Re: [tied] Re: Ingvar and Ivar

From: Piotr Gasiorowski
Message: 6160
Date: 2001-02-17

Attachments :
 
----- Original Message -----
From: Miguel Carrasquer Vidal
To: cybalist@yahoogroups.com
Sent: Saturday, February 17, 2001 4:48 PM
Subject: Re: [tied] Re: Ingvar and Ivar

> *ingwaR is Wolfgang Krause's reconstruction for the name.  If you have a better proposal...
 
No, I haven't got one, and I don't mind *ingWaz as a rune-name. I only pointed out that it's a reconstruction.


> But we also have additional evidence:

> 1) the name of the 13th rune is usually reconstructed as *i:waR
 
What kind of "evidence" is this? The name is also commonly reconstructed as *i:xWaz, and with good reason. If it was originally *i:waz, what's the final <-h> doing in its Anglo-Saxon name (<ih>/<eoh>)?

> 2) the names of the runes (except, obviously, *ingwaR for /N/ and *algiR for /R/) are acrophonic.
 
If Rune 13 stood for long /i:/, its name WAS acrophonic. If it stood for dorsal (velar/palatal) fricatives as opposed to word-initial lenited [h], its name can't have been acrophonic for the same reason that ruled out acrophony for /N/ and /z/ -- segments that did not occur word-initially. But *i:waz (let alone *i:hWaz) would hardly have been acrophonic for /iu/ in Proto-Germanic or Proto-NW-Germanic terms.
 
> 3) Vowel length was not distinguished.
 
Nor was it in Gothic, EXCEPT for i/i:, as you noted yourself.
 
> 4) Last but not least: the inventor(s) of the runes knew what they were doing.
 
So what?
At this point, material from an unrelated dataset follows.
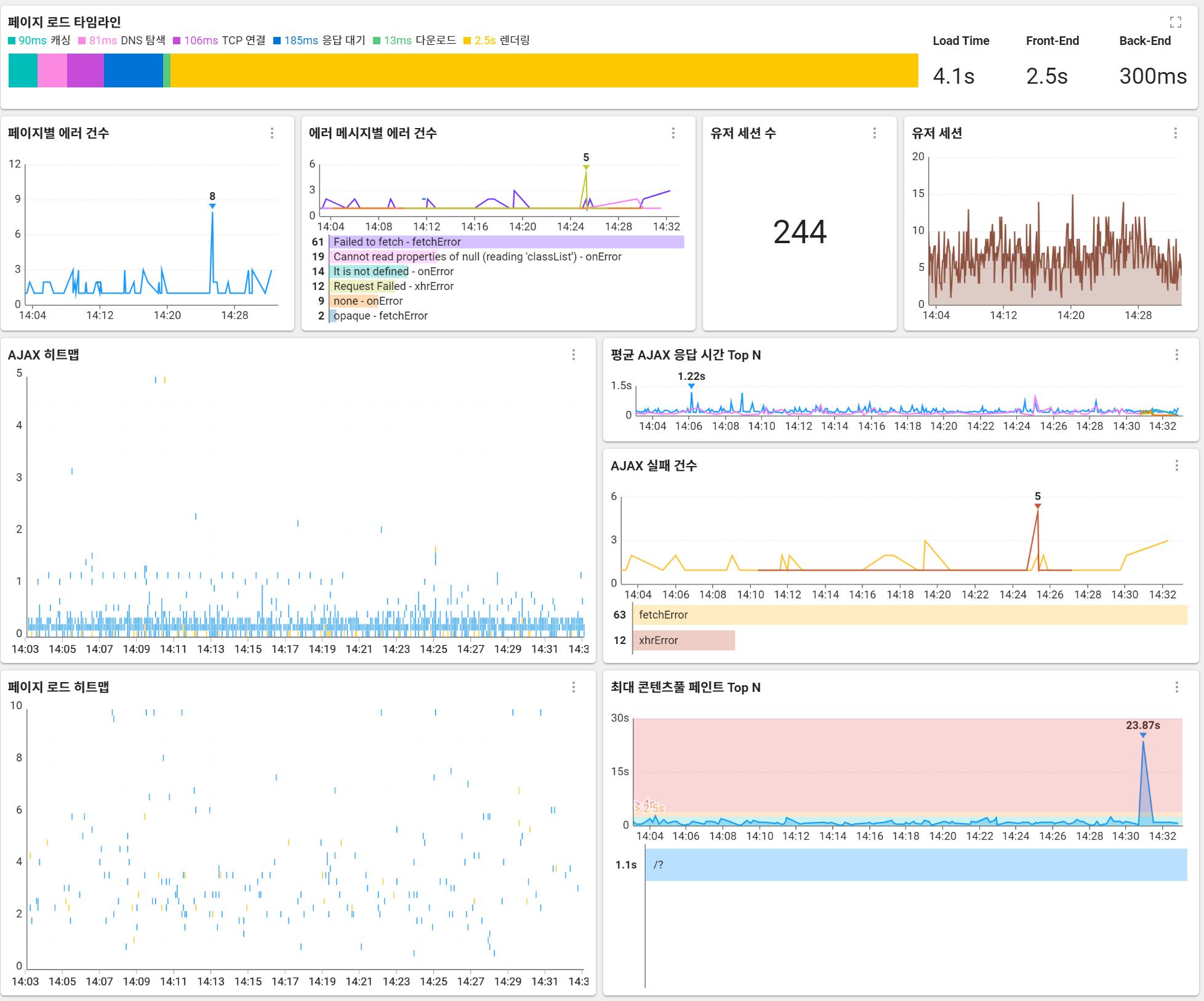 - 말 그대로 대시보드 이기 떄문에 UI를 참고 하고(특정 상세 페이지로 이동할 수 있는 링크는 따로 없어), 다른 탭을 통해 원인 또는 개선 포인트의 분석이 필요할 것 같다.

How does it follow from (4) that the phonetic value of Rune 13 was [iu]? If the inventors bothered to write [iu] with a single rune, why didn't they do the same for [au] and [ai], just in order to be consistent? Why isn't the Old English value [e:@] < *iu? Finally, why are reflexes of *iu spelt <iu> or <eu> in extant Early Runic and Old English inscriptions although Rune 13 is preserved in the futharks in question?
 
> The above can only lead to one conclusion: the 13th rune originally stood for /iu/ when the runes were first invented (either in Denmark or in the neighbourhood of the Roman limes, around the beginning of our era).  Unfortunately, the origins of the runic script are still obscure and very few early runic inscriptions are known, so we may
never know for sure.
The conclusion is a non-sequitur. But suppose the runic script was inspired by an Etruscan or Venetic prototype in which the combination of E and I looked exactly like H (the variant with three crossbars) -- this similarity might have led to the orthographic identification of EI [i:] and H [h/x]. Both a three-bar H and EI are represented in the Negau Helmet inscription (HARIGASTITEIWAI...), a "Germanoid" text in a North Italic alphabet. Note that both Rune 9 (*hagalaz, especially its Anglo-Frisian variant) and Rune 13 resemble varieties of Venetic H, and that those which could serve as prototypes of Rune 13 (a vertical staff flanked by two shorter lines or dots) are confusible with Venetic <.I.>. One could think of various reasons why this particular rune should have had more than one phonetic value.